I recently purchased one (It's not yet shipped, though) and I was wondering if it would.

If not, I'll get Final Cut Express (If that will run...), but will it run Studio 2 as I would rather get the Pro version because it would me more useful to become familiar with, seeing as though I would like to one day have a career in that field of work...
 

BlakTornado

Guest
Original poster
Apr 24, 2007
944
0
Washington, OH
it should run with the exception of color not sure about that, but i would recommend upping the RAM to 2 gigs if not more. Did you get the stock video card?

Yeah. I'm not sure if they offer a different video card. But I will be upgrading my RAM after I buy (And can afford). I just don't want to spend another £150 on buying 2GB Apple RAM when I could get 4GB crucial for the same price.


I looked but there was no mention of the newest video card from the 2.4ghz 20" iMac... or the other new C2D iMacs (Not sure about the 2.8Ghz 24" - never looked into it)

Thanks for your help
 

Audioslave

macrumors newbie
Aug 29, 2007
14
0
It will run fine! I use Final Cut Pro on my 1,67 ghz Powerbook G4, so the iMac should have no problem with it. Im actually getting a new iMac 24" for HD-editing. Of course the Mac Pro would be better, but I dont have the $ right now.
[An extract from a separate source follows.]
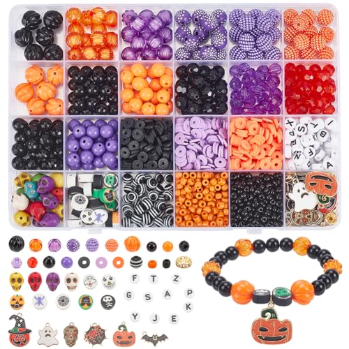 PH PandaHall 1383 Halloween-pärlor för att göra armband, vänskapsarmbandssatser med 24 akrylpärlor kit för halloween smyckestillverkning och hantverk
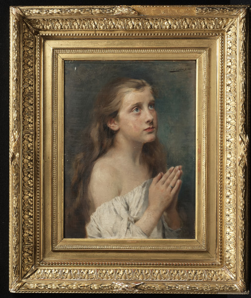 The rectangular painting depicts a praying girl. She has an oval face with large dark eyes, a long straight nose and carmine lips. Her long light brown hair is brushed away from her forehead, falling down to cover her back. She has an exposed neck and right shoulder. A ring can be seen on the right-hand finger. The bluish portrait background of is plain. The painting has a wide wooden profiled gilt frame, decorated with ornamental strips. The strip closest to the edge of the canvas features a geometric ornament, followed by a strip of pearl ornament, then a highly stylised cymatium and an outer strip decorated with a ribbon motif. Signed in upper right corner in black paint: Ewa Liphardt 1881. The easel painting called the “Praying Girl” is oil on canvas. It was acquired from the Potocki family in 1944.

Not sure about Motion and Color, but if you dont plan on rendering the next Matrix the iMac is powerful enough for that too. Just check the recommended configurations.
 

prs986

macrumors regular
Aug 16, 2007
105
1
Central CA, USA
It will run like butter on the new iMacs! Even Motion and Color. I have the new 20" iMac but dont have FC Studio 2 but have used it on the iMacs at the :apple: store. I would recomend upgrading to 3 gigs of ram. That seems to be the sweet spot for the new iMacs. You can upgrade to 4 gigs but it's not that big of an increase in performance. But the more ram the better! Especially for programs like Motion and Color which are processor and RAM intensive.
 

divedude

macrumors member
Mar 25, 2007
70
0
The specs say to run COLOR, a 24" iMac with Intel Core Duo is required. I had a private demo at the Apple store today to make sure the 24" would handle my HD video. I was impressed with the layers it could handle, including MOTION. All played in real time on a 2.4 CPU with 3 GB of memory. I plan to order the 2.8 and up it to 4GB of memory.

http://www.apple.com/finalcutstudio/specs.html
 

prs986

macrumors regular
Aug 16, 2007
105
1
Central CA, USA
The specs say to run COLOR, a 24" iMac with Intel Core Duo is required. I had a private demo at the Apple store today to make sure the 24" would handle my HD video. I was impressed with the layers it could handle, including MOTION. All played in real time on a 2.4 CPU with 3 GB of memory. I plan to order the 2.8 and up it to 4GB of memory.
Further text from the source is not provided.